**WORK ORDER:**
Skip the pictures. Return exactly the lines from the one containing "森小屋作りでは、どの班も、と" through the end of the entries below.

(Collection entries)

*** Begin section ***

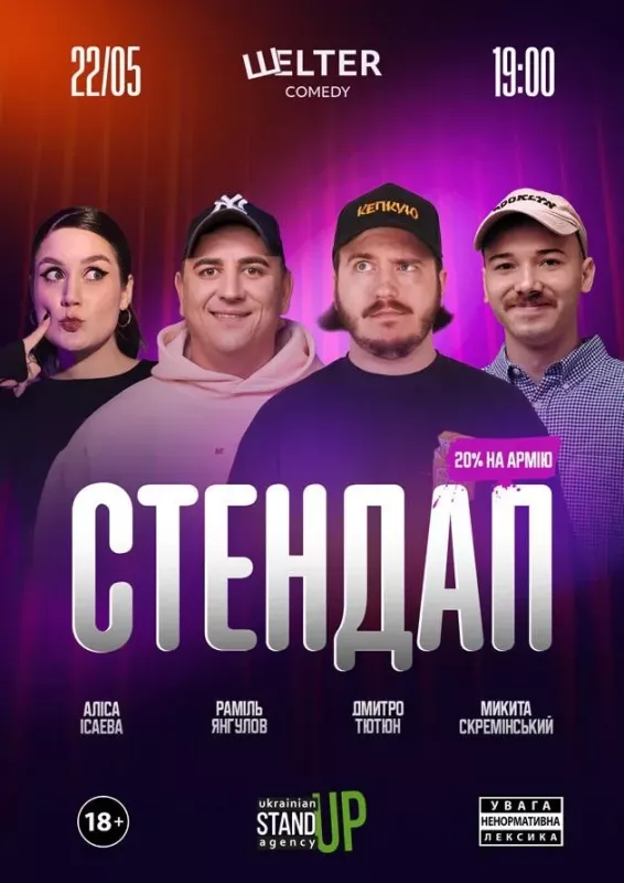 Важливо! Поважайте роботу коміка та комфорт інших глядачів. Заважати виступу (вигукувати, голосно розмовляти або поводитися зухвало) заборонено. Організатор залишає за собою право відмовити у перегляді шоу без відшкодування коштів за квитки. Давайте створювати атмосферу разом!
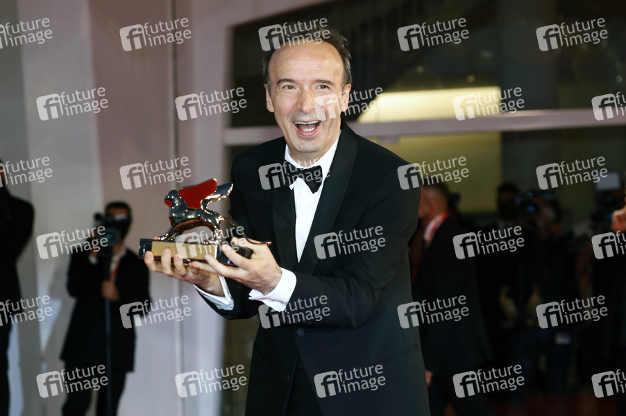Roberto Benigni mit dem Goldnen Löwen für sein Lebenswerk bei der Eröffnung der Biennale di Venezia 2021 / 78. Internationale Filmfestspiele von Venedig im Palazzo del Cinema. Venedig, 01.09.2021
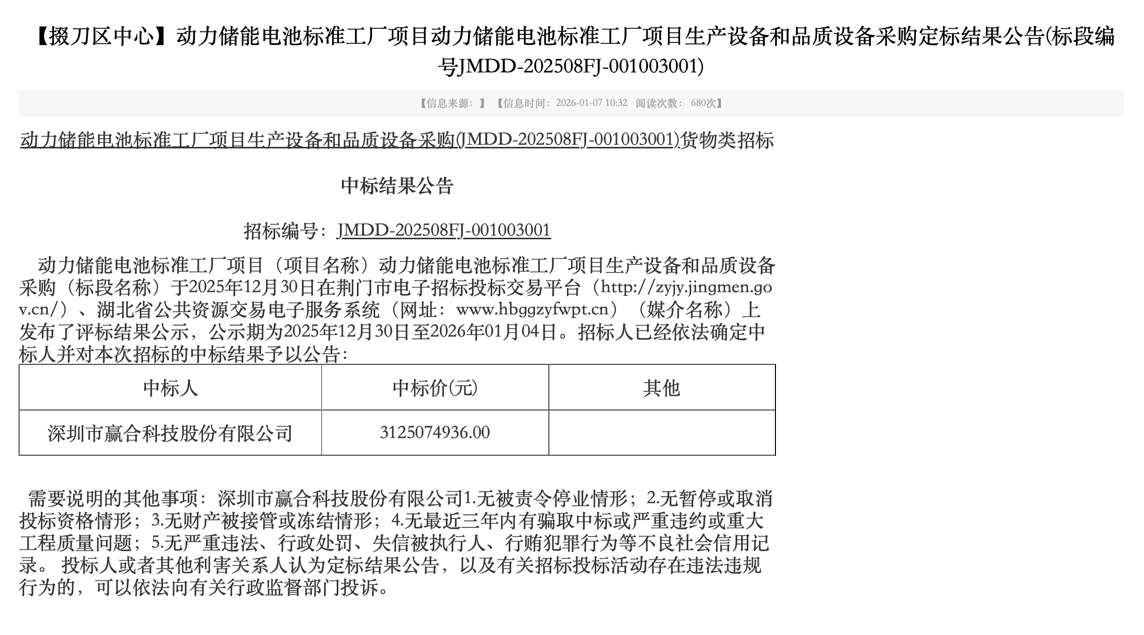 人民财讯1月8日电,荆门市电子招标投标交易平台发布《动力储能电池标准工厂项目动力储能电池标准工厂项目生产设备和品质设备采购定标结果公告》。招标人为荆门亿纬新能源科技有限公司。中标人为深圳市赢合科技股份有限公司,中标价为31.25亿元。
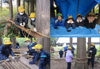 森小屋作りでは、どの班も、とてもダイナミックな森小屋ができました。「ここを持って!」「僕も一緒に運ぶよ!」と力を合わせて作業をしたり、「階段作ろうよ!」「ブランコも作りたいな!」とアイディアを出し合ったりし、夢中になって森小屋作りを楽しみました。
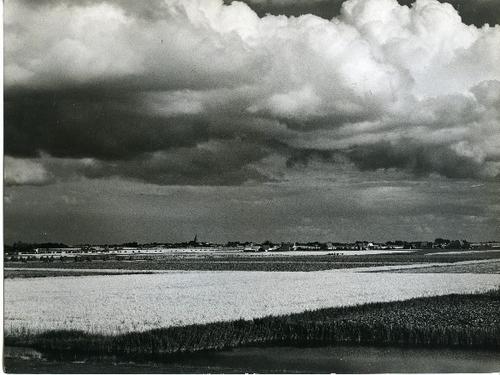 Foto in zwart-wit van weilanden met hoge waterstand ...

*** End section ***

**RESPONSE TO THIS EXERCISE:**
 森小屋作りでは、どの班も、とてもダイナミックな森小屋ができました。「ここを持って!」「僕も一緒に運ぶよ!」と力を合わせて作業をしたり、「階段作ろうよ!」「ブランコも作りたいな!」とアイディアを出し合ったりし、夢中になって森小屋作りを楽しみました。
 Foto in zwart-wit van weilanden met hoge waterstand ...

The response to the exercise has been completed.